> **YOUR TASK**
Starting at the line below with "事前の調査によって、鉄蓋のガ" and stopping at the line with "- Dual rear", please print each line exactly, those two included, and skip every picture.

> **LISTED RECORDS**

┌────────

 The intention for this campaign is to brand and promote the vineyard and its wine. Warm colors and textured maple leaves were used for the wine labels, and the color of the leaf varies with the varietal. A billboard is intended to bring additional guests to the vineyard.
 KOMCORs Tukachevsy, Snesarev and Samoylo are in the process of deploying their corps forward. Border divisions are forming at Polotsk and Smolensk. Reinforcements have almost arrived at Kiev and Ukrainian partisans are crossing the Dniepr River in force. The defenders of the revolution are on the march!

└────────
┌────────

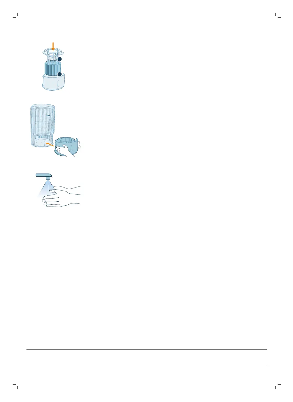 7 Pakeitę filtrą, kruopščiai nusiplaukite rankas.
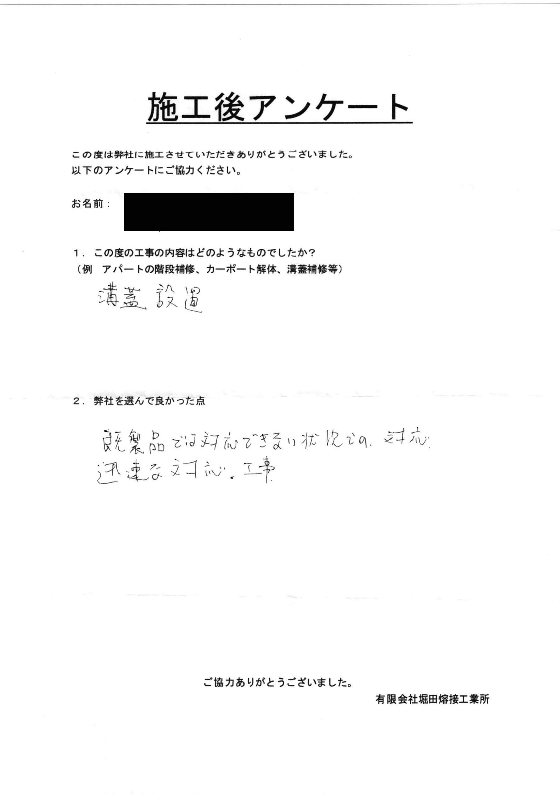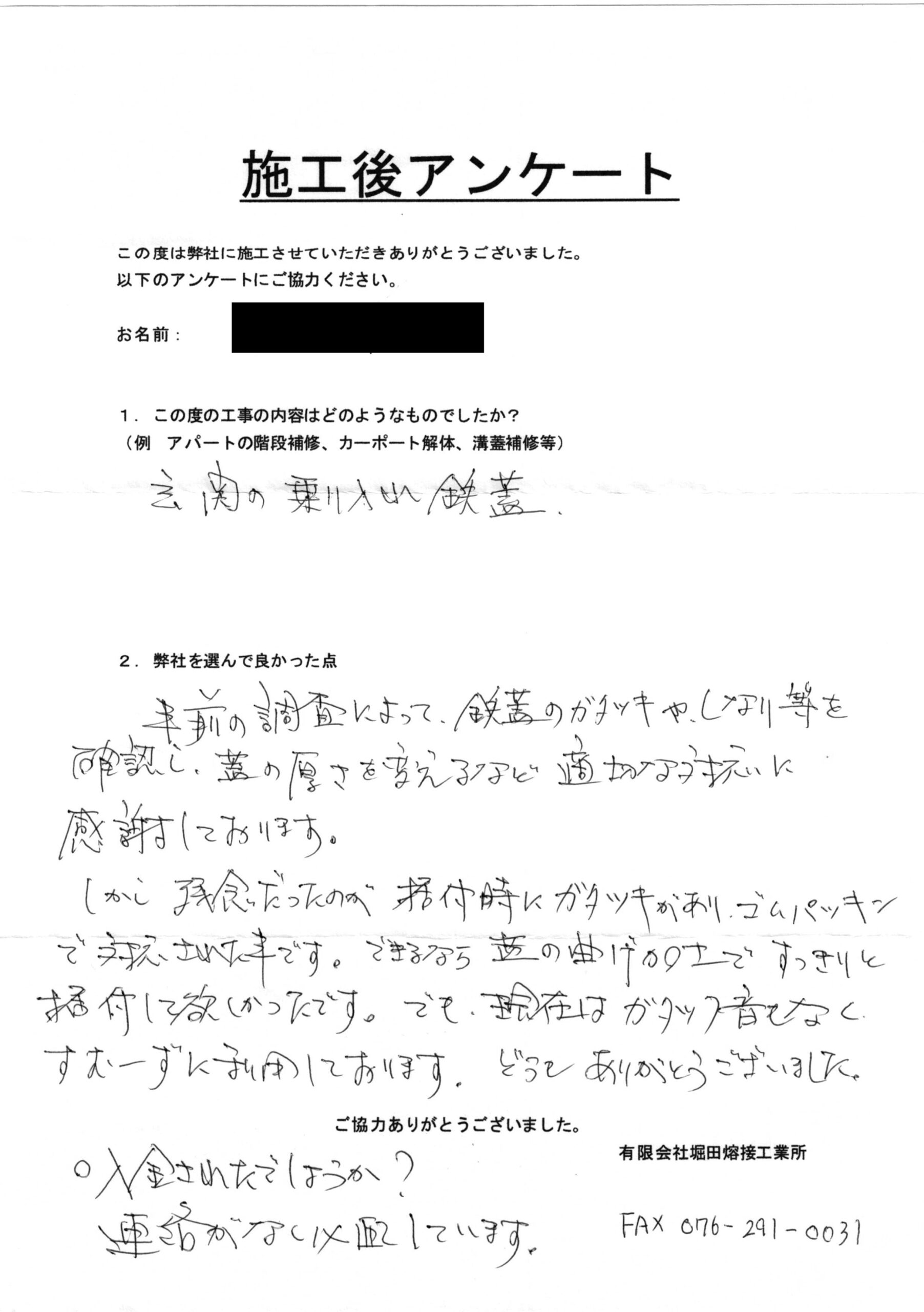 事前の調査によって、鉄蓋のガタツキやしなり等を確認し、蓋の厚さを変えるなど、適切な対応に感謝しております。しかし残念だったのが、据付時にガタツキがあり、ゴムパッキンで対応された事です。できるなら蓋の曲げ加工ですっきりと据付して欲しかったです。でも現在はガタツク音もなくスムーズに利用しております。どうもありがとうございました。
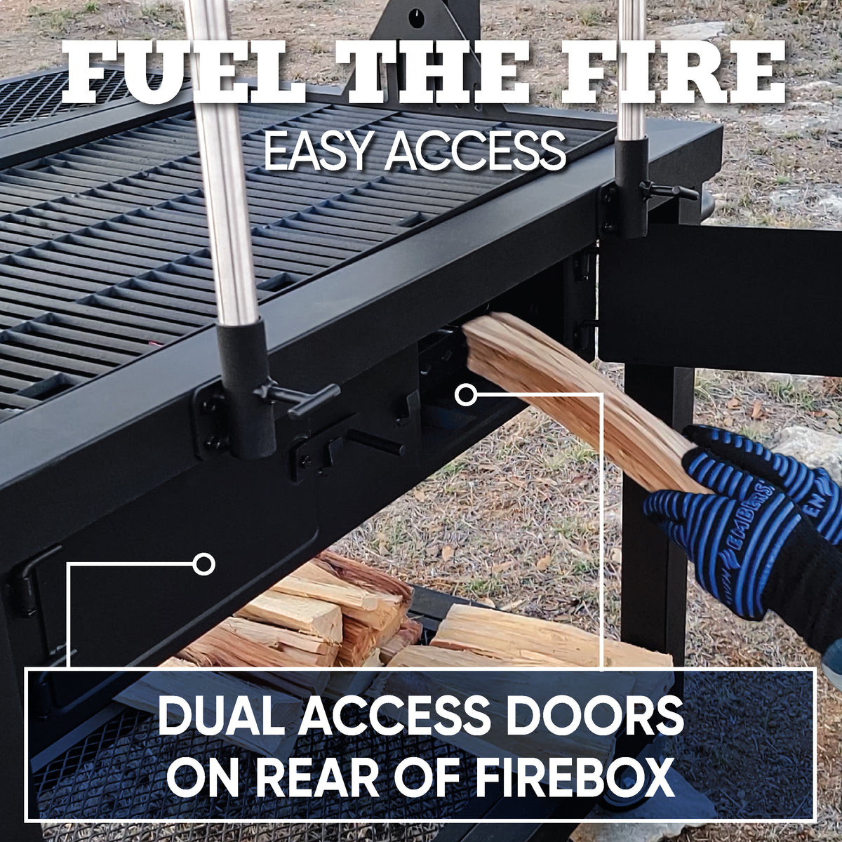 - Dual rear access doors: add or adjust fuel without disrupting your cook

└────────

> **RESPONSE FOR THIS EXERCISE**
 事前の調査によって、鉄蓋のガタツキやしなり等を確認し、蓋の厚さを変えるなど、適切な対応に感謝しております。しかし残念だったのが、据付時にガタツキがあり、ゴムパッキンで対応された事です。できるなら蓋の曲げ加工ですっきりと据付して欲しかったです。でも現在はガタツク音もなくスムーズに利用しております。どうもありがとうございました。
 - Dual rear access doors: add or adjust fuel without disrupting your cook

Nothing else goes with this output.